Here's a simple example.

Say we have a table involving numbers $a,b$ generated as follows:

arr = Table[i*j a^i b^j, {i, 1, 5}, {j, 1, 5}]

$$\left( \begin{array}{ccccc} a b & 2 a b^2 & 3 a b^3 & 4 a b^4 & 5 a b^5 \\ 2 a^2 b & 4 a^2 b^2 & 6 a^2 b^3 & 8 a^2 b^4 & 10 a^2 b^5 \\ 3 a^3 b & 6 a^3 b^2 & 9 a^3 b^3 & 12 a^3 b^4 & 15 a^3 b^5 \\ 4 a^4 b & 8 a^4 b^2 & 12 a^4 b^3 & 16 a^4 b^4 & 20 a^4 b^5 \\ 5 a^5 b & 10 a^5 b^2 & 15 a^5 b^3 & 20 a^5 b^4 & 25 a^5 b^5 \\ \end{array} \right)$$

and furthermore let's say that we're working in regime for which $a,b$ are each so small that if the total power on both of them is larger than $5$ the term can be neglected. Then we might try to implement this via

arr /. a^i_ b^j_ :> RuleCondition[0, i + j > 5]

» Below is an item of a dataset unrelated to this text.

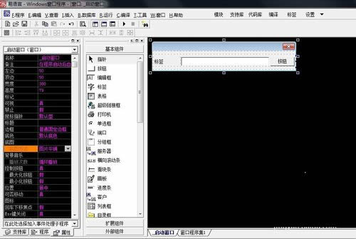 然后,测试文件夹创建完毕之后,打开”易语言“主程序,新建“Windows窗口程序”并点击确定按钮,进入“Windows窗口程序”设计区。如图: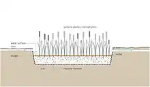 Constructed wetland systems can be surface flow systems with only free-floating macrophytes, floating-leaved macrophytes, or submerged macrophytes; however, typical free water surface systems are usually constructed with emergent macrophytes.[17] Subsurface flow-constructed wetlands with a vertical or a horizontal flow regime are also common and can be integrated into urban areas as they require relatively little space.[4]

but the output is actually

$$\left( \begin{array}{ccccc} a b & 2 a b^2 & 3 a b^3 & 4 a b^4 & 5 a b^5 \\ 2 a^2 b & 4 a^2 b^2 & 6 a^2 b^3 & 0 & 0 \\ 3 a^3 b & 6 a^3 b^2 & 0 & 0 & 0 \\ 4 a^4 b & 0 & 0 & 0 & 0 \\ 5 a^5 b & 0 & 0 & 0 & 0 \\ \end{array} \right)$$

because even though the terms in the corners are order $6$ they are not of the form given by the pattern since $5ab^5$ is represented as Times[5,Power[a,5],b]. Since there is no Power on the b it isn't matched by the pattern. Are there any ways to handle the corner cases without hardcoding new patterns especially for them?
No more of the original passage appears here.